While the Battle of Al Hofuf was a relatively small engagement on a military level, it caused major political shockwaves on the Arabian Peninsula. Condemnation came from capitals across the Middle East and worldwide over the American action, with Saddam Hussein gleefully crowing that the United States was willing to kill every last Muslim to serve its own interests and could not be trusted to behave like a civilized nation. The most virulent language of course came from Buraydah, the temporary de facto capital for Prince Nayef’s government. In a fiery speech delivered over the Saudi airwaves, Nayef declared that the Western infidels had shown their true treachery and would not hesitate to turn their guns against other towns that refused to submit to their corrupt ways. He went on to announce that the battle had convinced his government to seek a mediated settlement with Iraq and Yemen at the earliest opportunity in order to focus on this new threat. There is strong evidence suggesting that this had been Nayef’s goal all along and that he had ordered the defenders to stand firm in order to force Schwarzkopf’s hand. By provoking a conflict between Americans and Saudis, Nayef singlehandedly reduced Prince Sultan and his American sponsor’s prestige while greatly advancing his own agenda. The American embassy in Riyadh came under attack from protesters attempting to scale the walls into the compound on the afternoon of March 28 and soon turned deadly when individuals among the mob began firing upon the Marine garrison. The mob was finally repulsed and scattered after a prolonged firefight lasting well into the evening, but embassy staff were ordered to begin preparations for possible evacuation and began burning documents that night. The same day, a convoy of freshly arrived soldiers was attacked as they attempted to leave Riyadh International Airport and were only able to break through after employing tear gas and flashbang grenades to disperse their assailants. The attack would play a large part in CENTCOM’s decision to cease bringing in reinforcements through the Saudi capital on March 30, and all future flights would be diverted to Doha and Abu Dhabi. Across Saudi Arabia, Western refugees still trapped in the kingdom were forced into hiding, and reports of the beating and lynching of Westerners cropped up all too often in the following days.
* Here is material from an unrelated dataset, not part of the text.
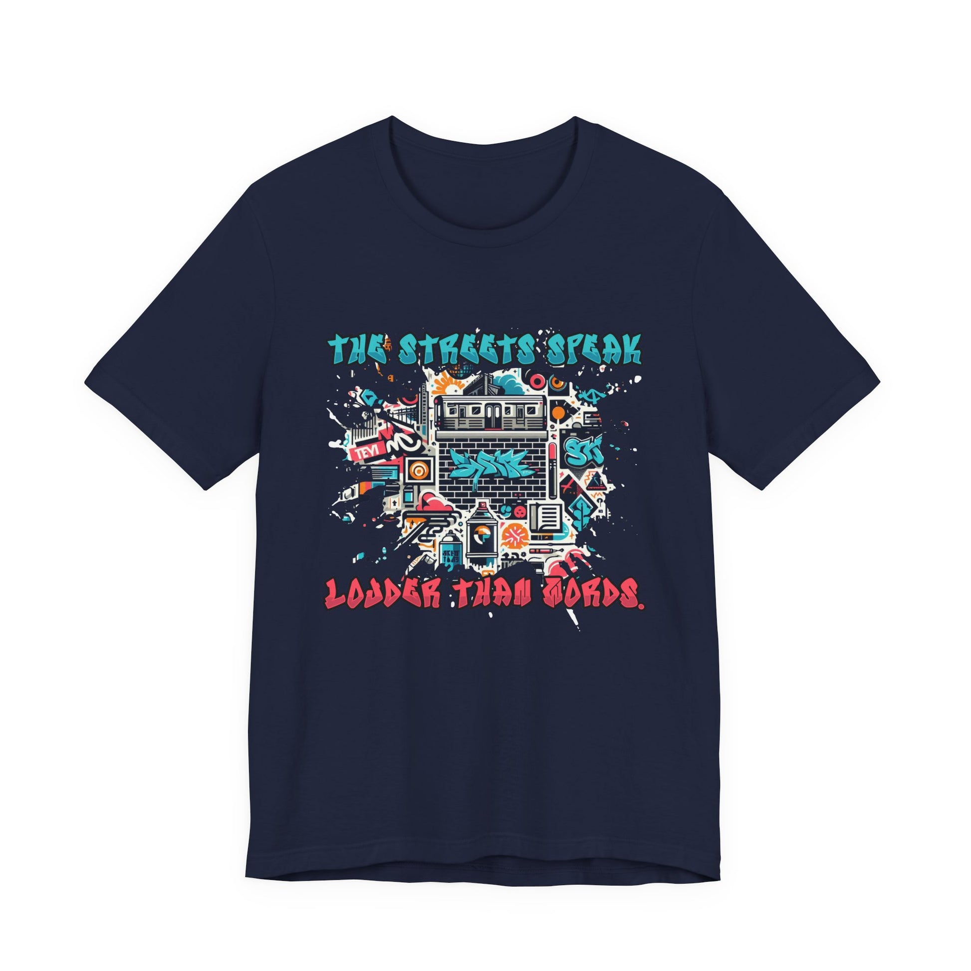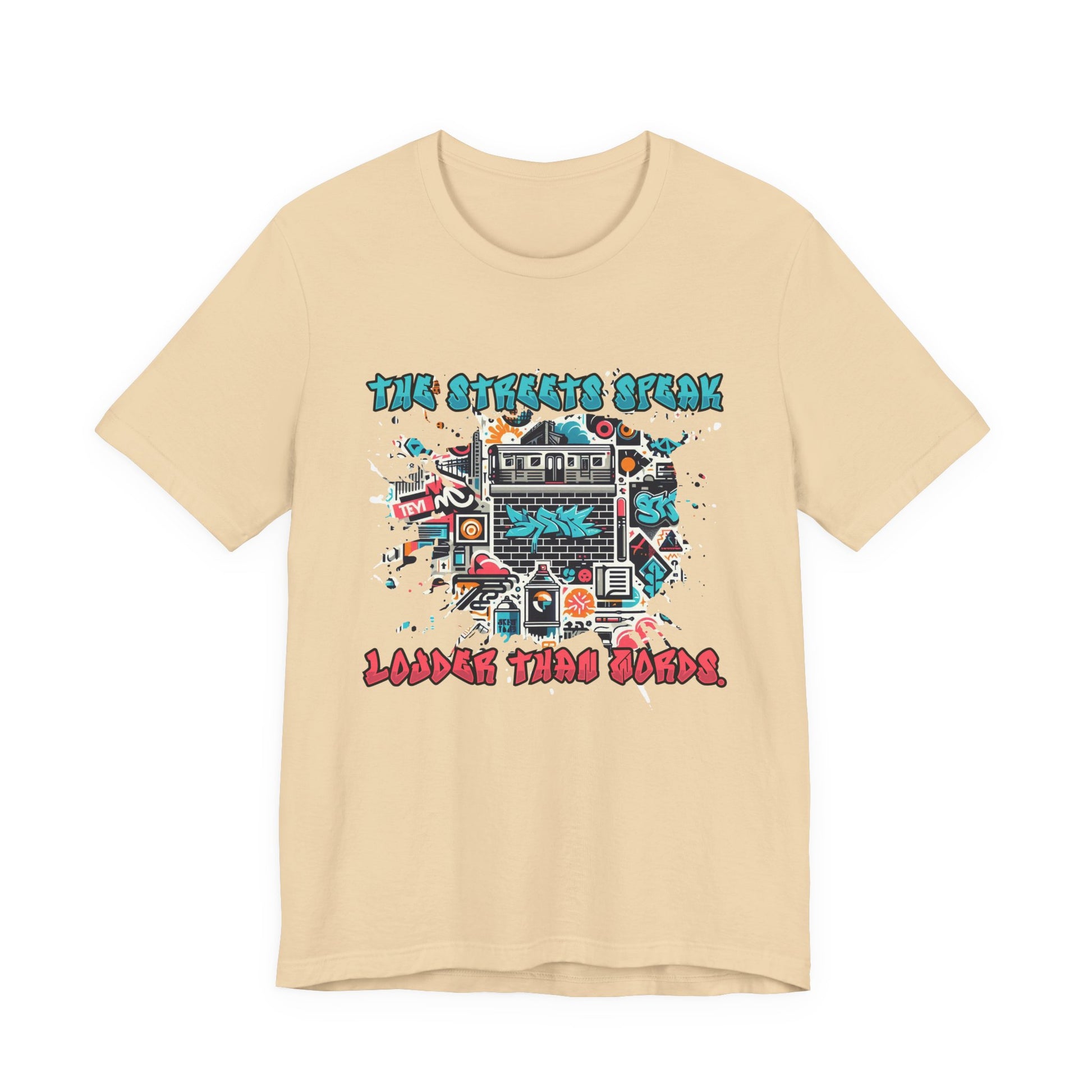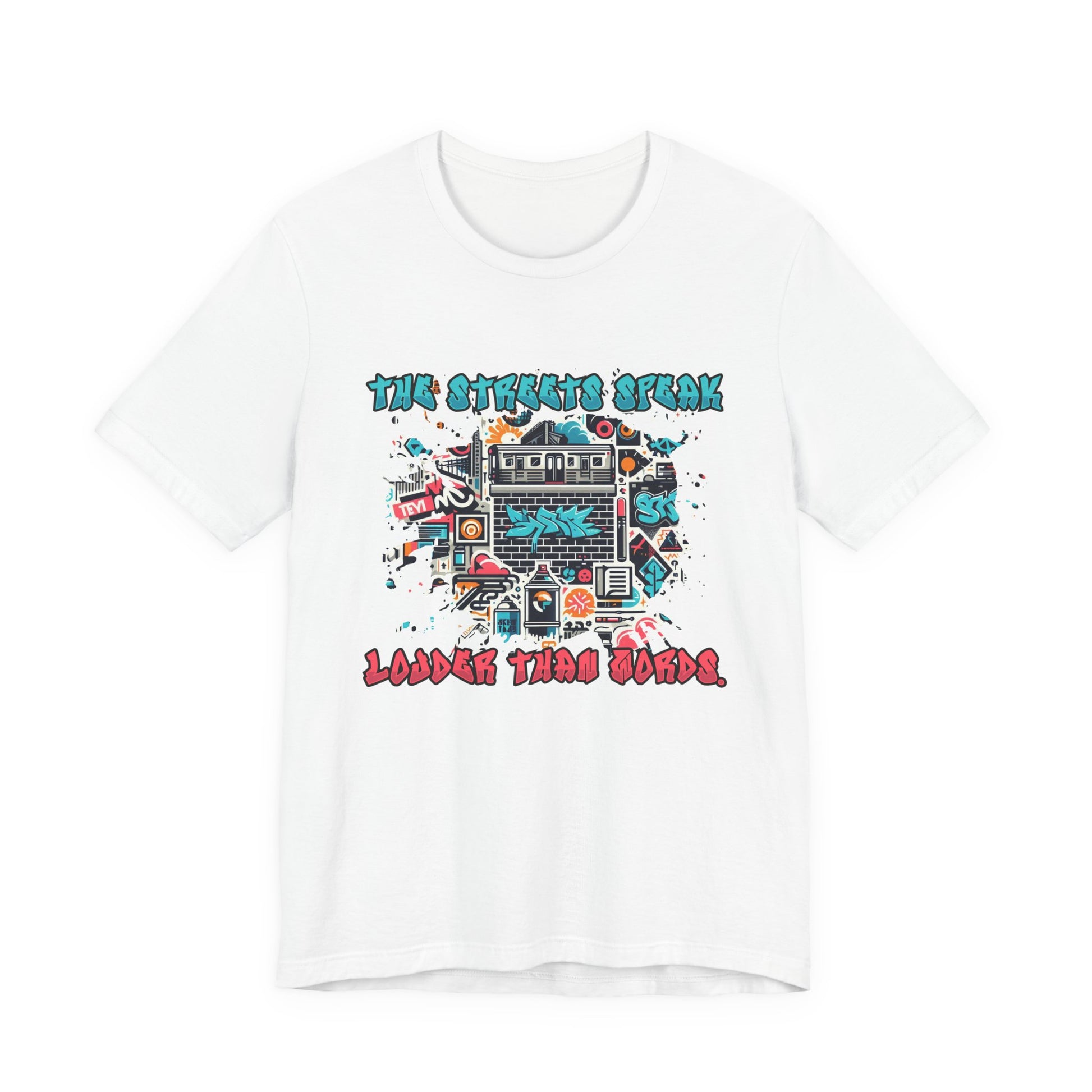 The Streets Speak Louder Than Words Tshirt – Cityscape with Graffiti Street Art Revolution

The alliance itself, already badly shaken by the events in Saudi Arabia, came perilously close to shattering after Al Hofuf. Several nations in Africa and South America renounced their financial support for the campaign effort and Germany threatened strongly to follow suit and pull out of its monetary and logistical contributions, though it was convinced to stay on after several lengthy telephone conversations between President Bush and Chancellor Kohl. There were similar mutterings from Paris and London over supporting the United States, mostly from opposition parties looking to discredit their rivals, and even more ominous rumblings from the most recent and odd bedfellow of the United States: the Soviet Union. Ultimately, frantic diplomatic exchanges managed to keep the alliance intact at this critical stage of the conflict, though not before a failed proposal in the UN General Assembly from the Iraqi delegation to revoke the United States’ Security Council status rubbed in a final bit of salt.

Ironically, it proved to be Prince Mansour’s position that benefited the most from the influential battle. While still committed to the defense effort in Saudi Arabia, the governments of Egypt and Syria were understandably reluctant in providing overt support to Prince Sultan and the Americans. With Prince Nayef’s regime attracting more hard-line elements of the Saudi population and distinctly unattractive to Mubarak and Assad’s very secular governments, that left Mansour’s faction as an ideal middle ground to support. Egyptian forces were already working alongside pro-Mansour units along the Red Sea coast and were greatly expediting the consolidation of the prince’s grip over the western provinces. Two Egyptian divisions were now deployed in western Saudi Arabia and four more were scheduled to cross over in the coming months. Joining them would be the 9th Syrian Armored Division, set to arrive in Jeddah by April 12 and to be followed by two more divisions. By providing assistance to Prince Mansour under the guise of the ongoing peacekeeping efforts, the deployment limited their contribution to western Saudi Arabia and remained well outside the American deployment zone. It was a move that played well to their respective populaces at home and helped stifle domestic dissent over helping the West with the larger war effort while also working to secure and preserve the Holy Sites. By the start of April, thanks to his new open sponsors Prince Mansour was in an unassailable position in the west and gathering forces for a major push on Mecca and Medina, as well as working to rebuild a defensive line in the Asir. It soon became clear that the forces necessary to conduct offensive operations against Yemen were far more than those he could muster without extensive outside support, and privately he began intensive negotiations with President Saleh over the potential for a ceasefire.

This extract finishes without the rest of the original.